Today, an unrelenting faith in analytics and its predictive power imbues our relationship with topics as far-reaching as politics and health care under this notion that everything can be quantified. The New York Times’s recent headline surrounding former Microsoft CEO Steve Ballmer’s efforts to build a “‘Moneyball’ for Government” suggests that moneyball-as-analogy is here to stay.
Tyranny of Spreadsheets
Twenty years after Moneyball, Michael Lewis’s broader journalistic project has become quite clear. Lewis’s 2010 bestseller The Big Short: Inside the Doomsday Machine picked up on Moneyball’s success, becoming the public’s focal point for understanding the 2008 financial crisis in layman’s terms (the book even followed Moneyball’s blueprint as a crossover Hollywood blockbuster).

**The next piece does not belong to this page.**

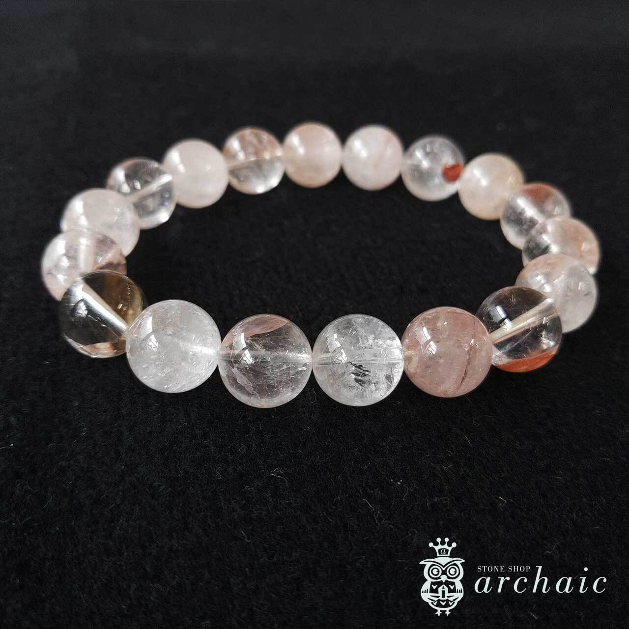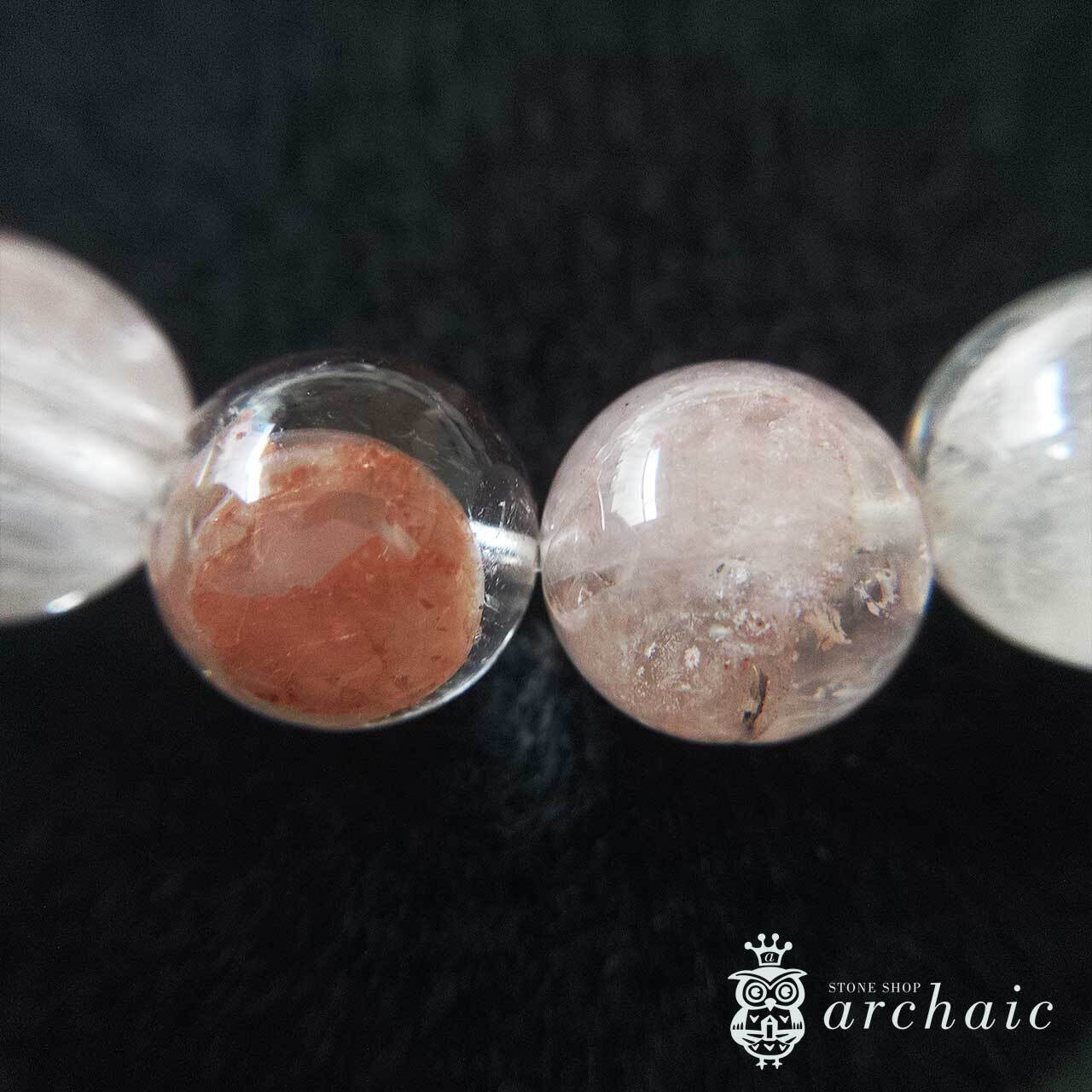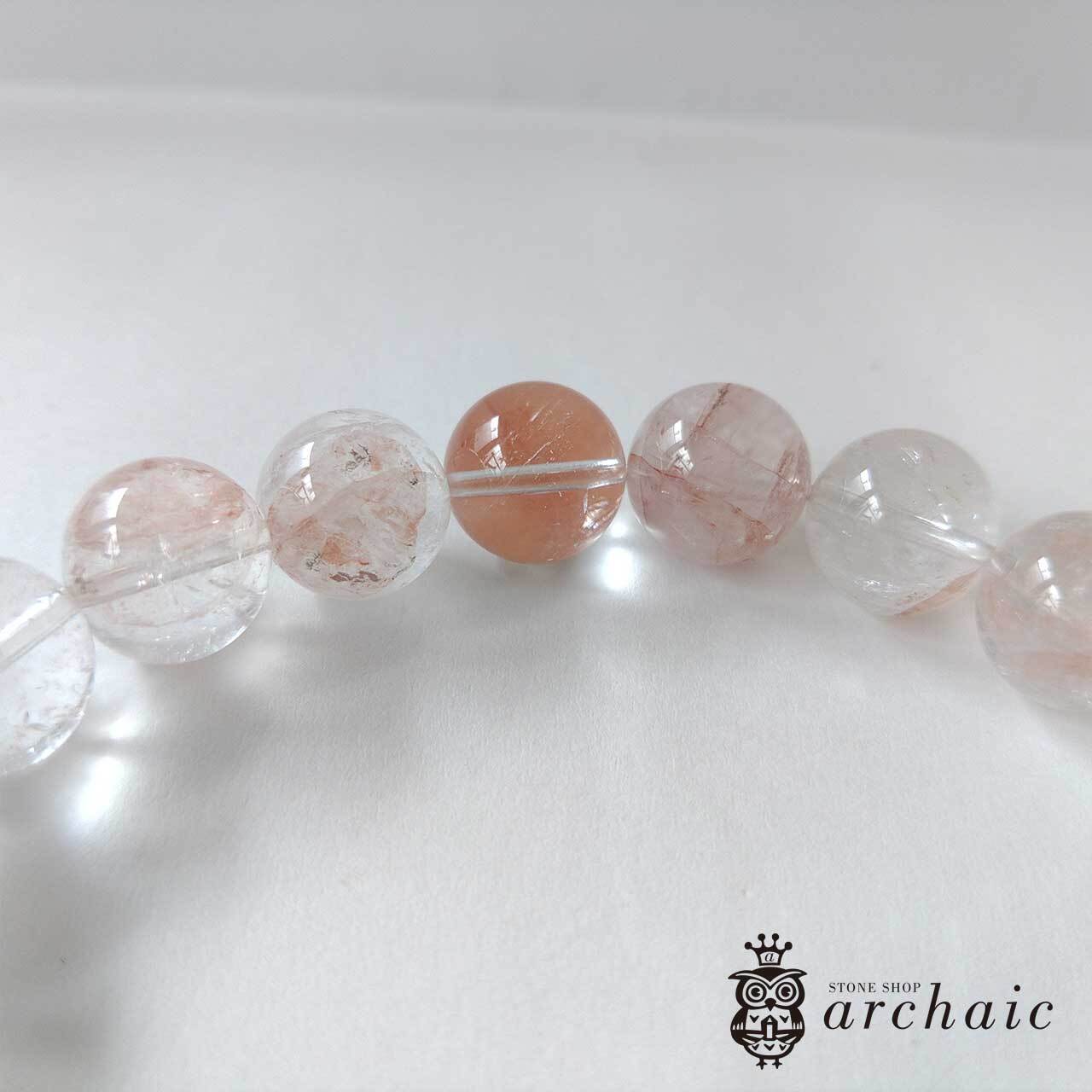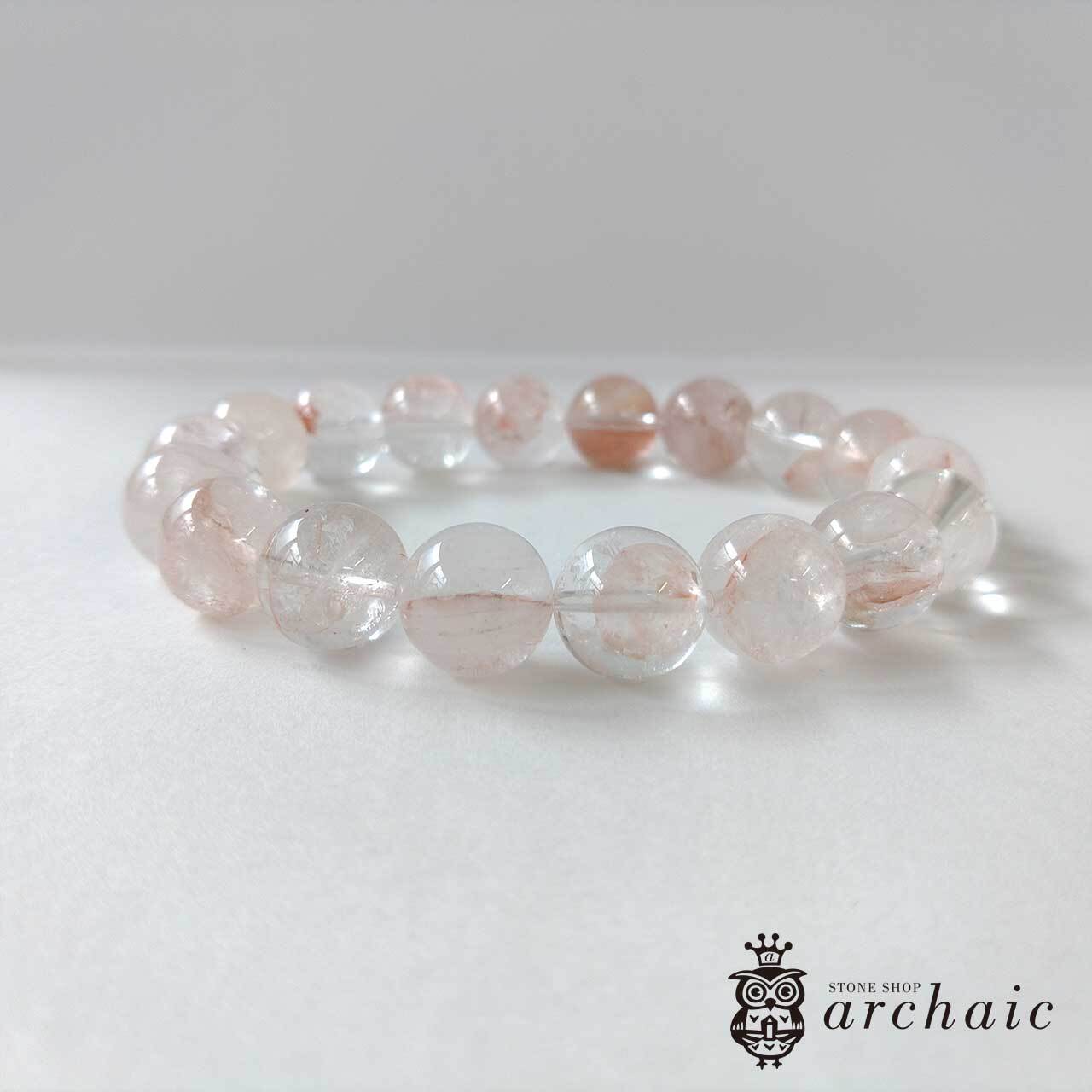 内包物やクラックなどもありますが、透明度が高くほんのりピンク色を帯びたヒマラヤ産・マニカラン水晶の一連ブレスレットです。
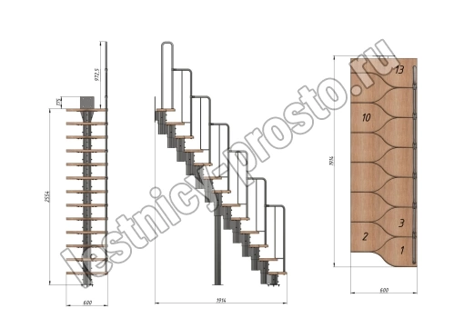 Лестница Prosto Urban Black гусиный шаг 600 мм, h234-336 см (13 ступеней), бук

The central problem with Moneyball, and The Big Short to boot, is not the writing itself — Lewis is clearly a talented storyteller with a knack for teasing out complex ideas with compelling narratives. But like The Big Short and Lewis’s 2014 book Flash Boys: A Wall Street Revolt, which position a handful of rogue traders and financial analysts as protagonists, Moneyball turns the managers into players to root for.
In this worldview, the new sports field is the financial market, and the new game is the thrilling quest to find “edge,” whether in the form of shorting failing subprime mortgage–backed securities or creating new efficiency metrics for evaluating labor. The numbers whizzes in Lewis’s narratives are the little guys, up against lumbering, cartoonishly evil corporate behemoths. But what about those other scrappy underdogs? Rather than encouraging us to consider the ways in which baseball players themselves are exploited as laborers, Lewis leaves us with an invitation to play manager and fantasize about fulfilling our own quest to “find edge” by peering past the human, deep into the stats and figures.
Michael Lewis has made a career out of those who see financial markets differently, and cash in on what they see. There’s no doubt that his subjects have special, enviable abilities. But do they really leave the world better? The mechanization, quantification, and financialization of everything undoubtedly renders life less warm and dimensional, cramming it into spreadsheets while also fine-tuning the machines of exploitation and inequality. Maybe such stories are actually cautionary tales, in which case we’re cheering at our own submission to the tyranny of numbers with dollar signs in front of them.